Rare earth stocks rally on signs Trump supports sector

Aerial view of Round Top Mountain in Texas. Credit: Wikipedia under license CC BY-SA 4.0

US critical minerals stocks have soared this week, getting a boost from signs that the Trump administration will favor a sector that’s become a flashpoint in the trade standoff between the US and China.

Rare-earth magnet player USA Rare Earth (NASDAQ: USAR) has jumped 71% this week as of 11:02 a.m. on Thursday, while TMC The Metals Company Inc., a Vancouver-based company that’s seeking permission from the US to gather metals at the bottom of the ocean, is up 52%.

Shares of MP Materials Corp., a miner and refiner of rare earth elements, have gained 17% and are set for their best performance since September in the short trading week.

All three soared on Monday after the Financial Times reported over the weekend that the Trump administration is planning an executive order to enable the stockpiling of critical metals found on the floor of the Pacific Ocean.

The US was responding to China’s efforts to limit exports of its own rare earth supplies. MP Materials and USA Rare Earth jumped again on Wednesday after Trump launched a probe into the need for tariffs on critical minerals.

“It seems the moves that they’re making would suggest that they understand that we have to build out our supply chain here,” Steven Schoffstall, director of ETF product management at Sprott Asset Management, said of the Trump administration.

“If you want to tariff something, presumably you want to build up that industry within the US borders, and the hope there is that investment will follow.”

The actions have become a central part of the escalating trade tension between Washington and Beijing. China is the dominant producer of metals that are vital to making crucial products like computer chips, nuclear reactor rods and fighter planes, and Beijing appears to be using that position to push back against Trump’s tariffs. As Washington looks to boost domestic production, Trump’s trade probe could cover all minerals defined as critical by the United States Geological Survey, a list that includes rare earth elements alongside other materials like lithium, cobalt and zinc.

MP Materials bills itself as the sole fully-integrated producer of rare earths in the US, with capabilities ranging from mining and refining to magnet manufacturing.

USA Rare Earth is building a magnet factory in Oklahoma that’s scheduled to come online commercially next year, and it owns a rare earth deposit in Texas where it plans to extract ore for its own facility and other sectors such as the defense industry.

TMC aims to gather nodules that contain metals such as cobalt and nickel used in electric vehicle batteries. Its move to seek approval from the Trump administration has drawn condemnation from an organization affiliated with the United Nations that regulates the commercialization of deep sea resources.
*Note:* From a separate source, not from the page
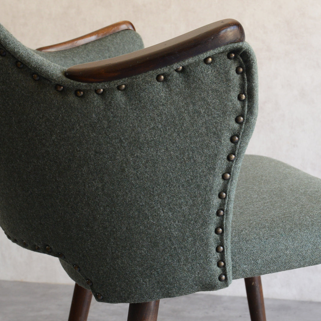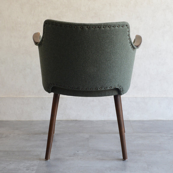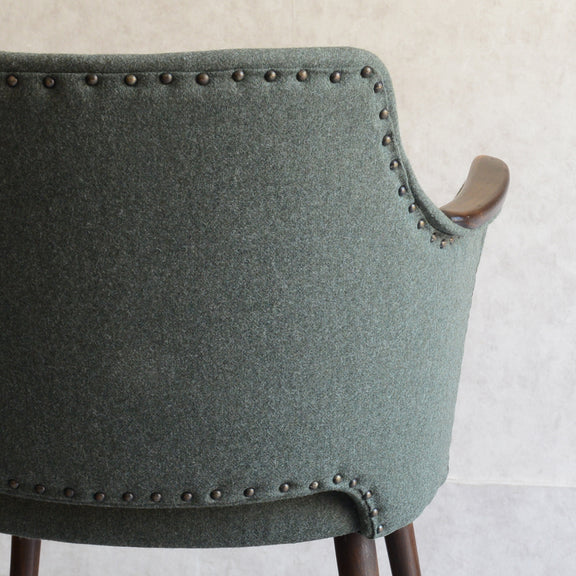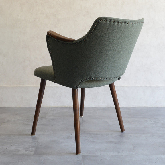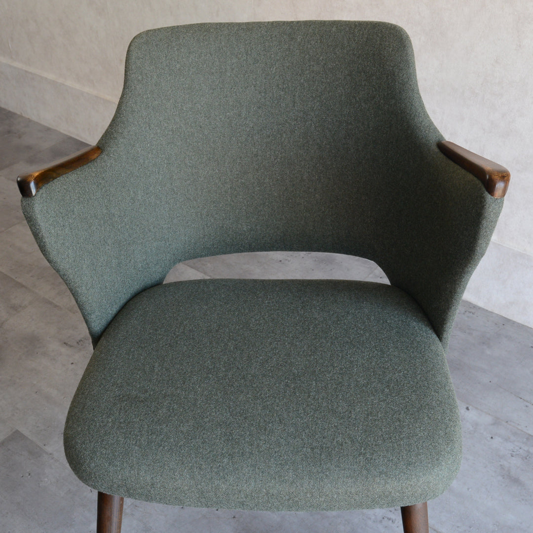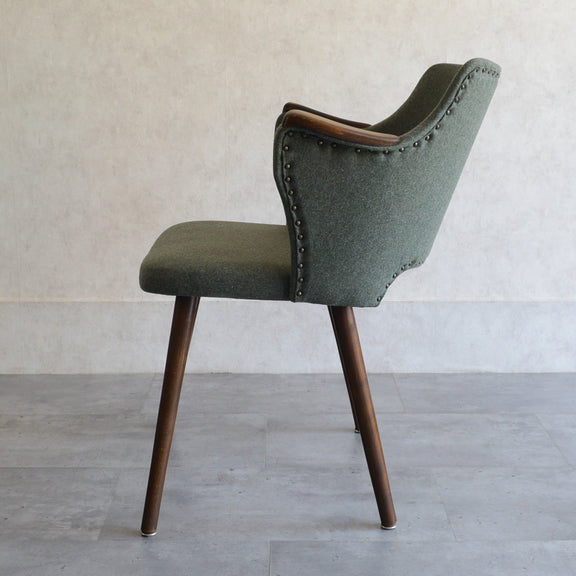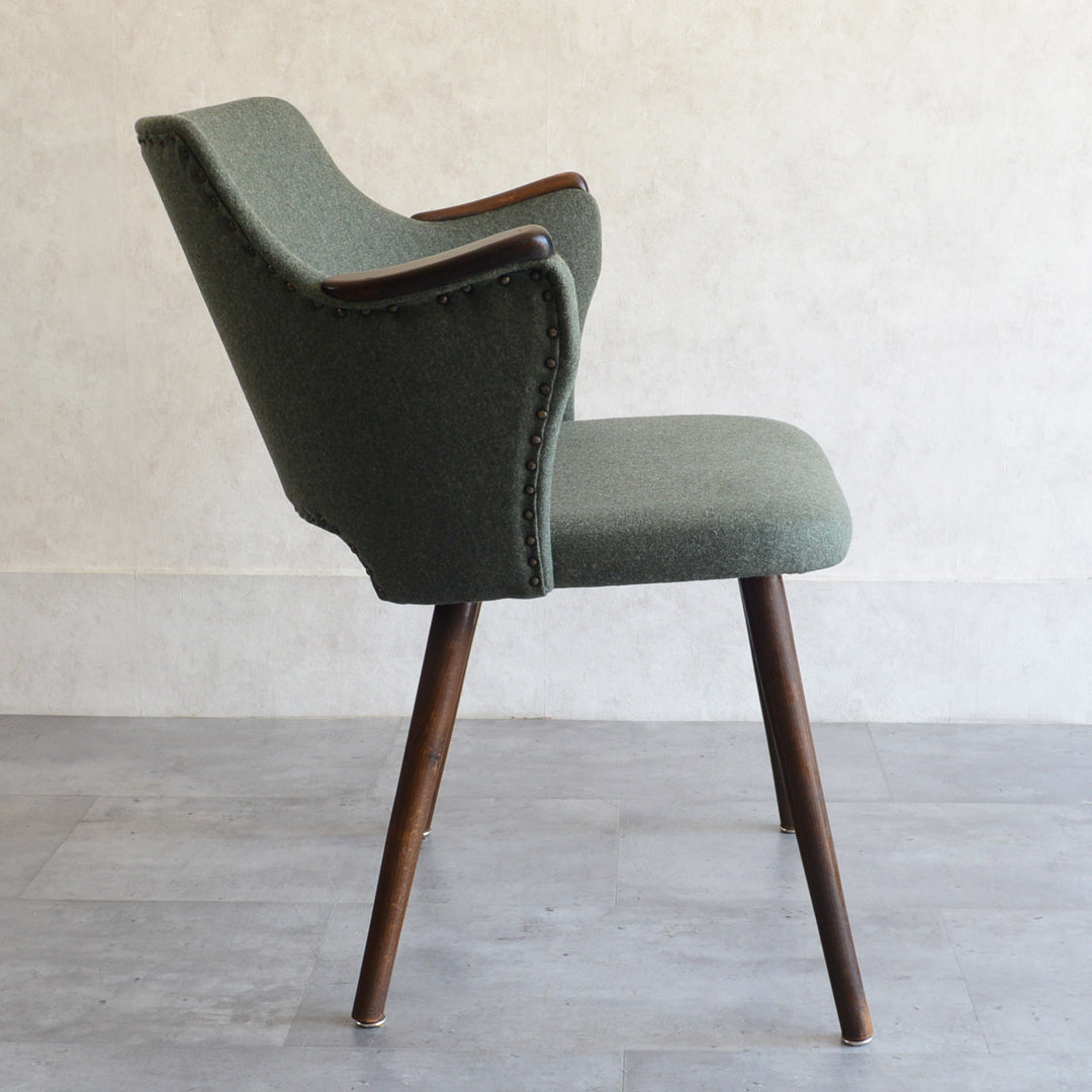 座面は落ち着いたモスグリーンのファブリックで新たに張替済です。

Trump’s moves have made the three stocks winners even as his trade war has punished broader markets. TMC and MP Materials are up double digits since Feb. 19, a period that’s seen the S&P 500 Index fall 14%. Rare Earth USA shares have been volatile since the firm went public last month by merging with a special-purpose acquisition company, but they’ve more than doubled this month.

Uranium miners including Energy Fuels Inc. and Uranium Energy Corp. notched their own advances on Wednesday after Trump signed an order calling for the trade probe. Energy Fuels jumped again Thursday after saying it had developed technology to produce most of the rare earth compounds subject to new Chinese export curbs.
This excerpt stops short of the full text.